Let $\omega:G\rightarrow \Lambda^1 T^*G$ be a left invarinat $1$-form on $G$ i.e., $(L_g)^*\omega=\omega$ for each $g\in G$.
Is it true that $\omega(Y):G\rightarrow \mathbb{R}$ is constant for any vector field $Y:G\rightarrow TG$ of $G$?
I see that if $Y$ is of the form $A^*$ for some $A\in \mathfrak{g}$ then $\omega(Y)$ is the constant function $A$.
Given $A\in \mathfrak{g}$, we have $A^*:G\rightarrow TG$ is defined as $A^*(g)=(L_g)_{*,e}(A)$.
We have $\omega(Y):G\rightarrow\mathbb{R}$ given by $g\mapsto \omega(g)(Y(g))$.
As $\omega$ is left invariant, we have $\omega(g)(v)=\omega(e)((L_{g^{-1}})_{*,g}(v))$.
For $Y=A^*$, we have $$\omega(g)(Y(g))=\omega(g)(A^*(g)) =\omega(e)((L_{g^{-1}})_{*,g}((L_g)_{*,e}(A)))=\omega(e)(A).$$ Thus, $\omega(Y):G\rightarrow \mathbb{R}$ is the constant function $\omega(e)(A)$ when $Y=A^*$.
Is it true for an arbitrary vector field $Y$ on $G$ that $\omega(Y)$ is constant for a left invariant $1$-form $\omega$ on $G$?
We have $d\omega(X,Y)=\frac{1}{2}(X(\omega(Y))-Y(\omega(X))-\omega[X,Y])$.
As mentioned above, $\omega(A^*)$ is constant, so, $B^*(\omega(A^*))$ is zero map and for similar reason $A^*(\omega(B^*))$ is zero map for any $A,B\in \mathfrak{g}$. So, $d\omega(A^*,B^*)=-\frac{1}{2}\omega[A^*,B^*]$.
In case $\omega(Y)$ is constant for any vector field $Y$ on $G$ we will then have $d\omega(X,Y)=-\frac{1}{2}\omega[X,Y]$.
I do not think this is true but wikipedia article says it is true for any vector fields $X,Y$ on $G$ not necessarily left invariant vector fields i.e., of the form $A^*,B^*$ for some $A,B\in \mathfrak{g}$.

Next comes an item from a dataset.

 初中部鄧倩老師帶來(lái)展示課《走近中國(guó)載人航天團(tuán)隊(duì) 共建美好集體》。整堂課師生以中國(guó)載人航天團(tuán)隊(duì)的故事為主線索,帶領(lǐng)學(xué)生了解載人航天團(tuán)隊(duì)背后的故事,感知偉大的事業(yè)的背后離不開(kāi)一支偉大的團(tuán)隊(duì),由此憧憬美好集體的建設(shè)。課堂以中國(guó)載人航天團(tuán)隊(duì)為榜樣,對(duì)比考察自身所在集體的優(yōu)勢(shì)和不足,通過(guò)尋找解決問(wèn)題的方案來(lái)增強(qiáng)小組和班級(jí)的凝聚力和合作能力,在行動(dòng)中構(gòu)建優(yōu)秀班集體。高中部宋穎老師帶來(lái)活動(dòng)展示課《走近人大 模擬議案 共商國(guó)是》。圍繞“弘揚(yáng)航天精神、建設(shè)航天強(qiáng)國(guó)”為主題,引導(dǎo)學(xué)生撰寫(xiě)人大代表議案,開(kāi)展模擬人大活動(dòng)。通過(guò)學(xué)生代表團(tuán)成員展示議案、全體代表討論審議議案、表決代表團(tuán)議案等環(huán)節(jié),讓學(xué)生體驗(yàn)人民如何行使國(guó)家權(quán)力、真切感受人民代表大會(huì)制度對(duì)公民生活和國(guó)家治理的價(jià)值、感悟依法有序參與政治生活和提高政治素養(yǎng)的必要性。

EDIT : Wikipedia section says the following :
In particular, if $X$ and $Y$ are left-invariant, then $X(\omega (Y))=Y(\omega (X))=0,$ so $$d\omega (X,Y)+\frac{1}{2}[\omega (X),\omega (Y)]=0$$ but the left-invariant fields span the tangent space at any point (the push-forward of a basis in $T_eG$ under a diffeomorphism is still a basis), so the equation is true for any pair of vector fields $X$ and $Y$. This is known as the Maurer–Cartan equation.

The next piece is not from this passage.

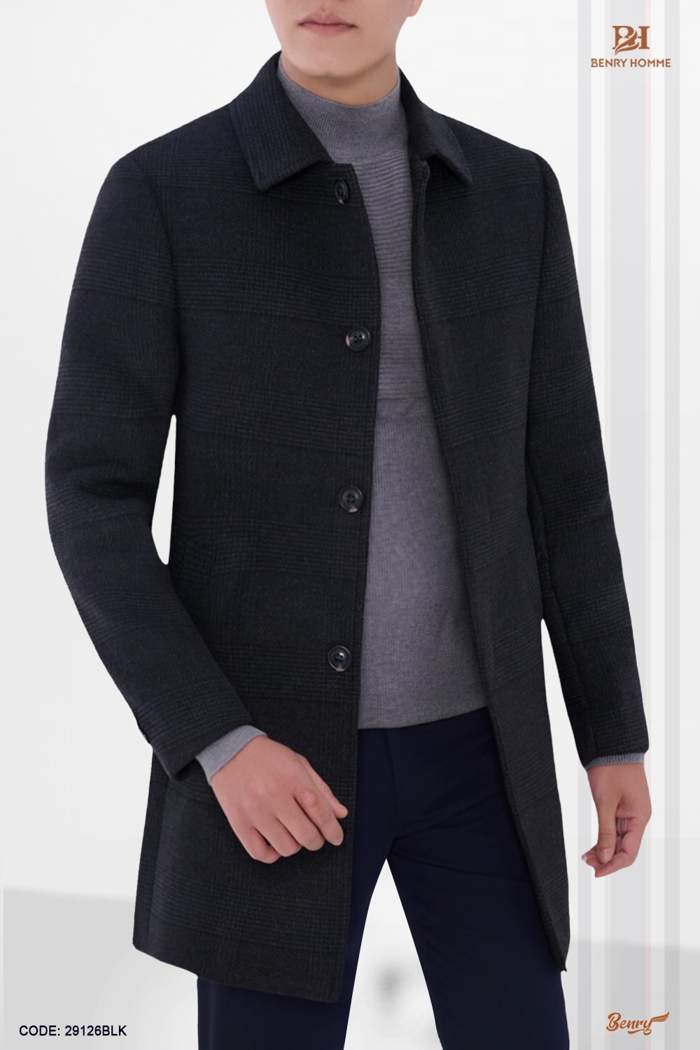 Áo dạ nam dáng dài, dạ lông cừu, màu đen sọc ghi, Mã áo TC29126BLK

No. Let $G=\mathbb{R}$ with coordinate $t$. The 1-form $\omega=\mathrm{d}t$ is left invariant. Now choose any non-constant vector field, e.g. $Y=t\frac{\partial}{\partial t}$. Then $\omega(Y)=t$.
Of course, as you say, evaluating a left-invariant 1-form on a left-invariant vector field does result in a constant function.

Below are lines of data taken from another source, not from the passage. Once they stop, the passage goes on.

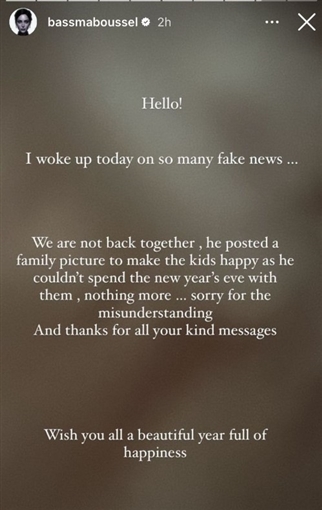 وأضافت "لم نعد معا، هو قام بنشر صورة عائلية من أجل إسعاد الأطفال لأنه لم يستطع قضاء ليلة رأس السنة معهم ليس إلا، اسفة على سوء الفهم وشكرا على كل الرسائل اللطيفة واتمنى لكم جميعا سنة سعيدة".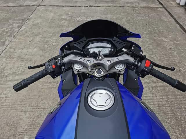 为了能让更多的人骑上,R25M根据国人的身高需求,座高已经从795mm降到现在的780mm。但是,原厂提供高座版本选择,选装竞技月牙套件,可将座高升高到820mm。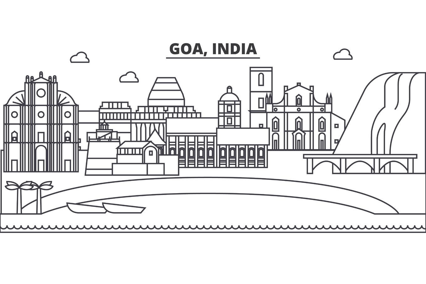 Goa Skyline India Vector Illustration Linear Style, Vectors | GraphicRiver

EDIT: To conclude the Maurer-Cartan equation just take arbitrary vector fields $X,Y$ and express them as $X=f_iX^i,Y=g_iX^i$ for some left-invariant vector fields $X^i$. Then notice that the equation is (bi)linear over functions so the case of left-invariant vector fields implies the general case.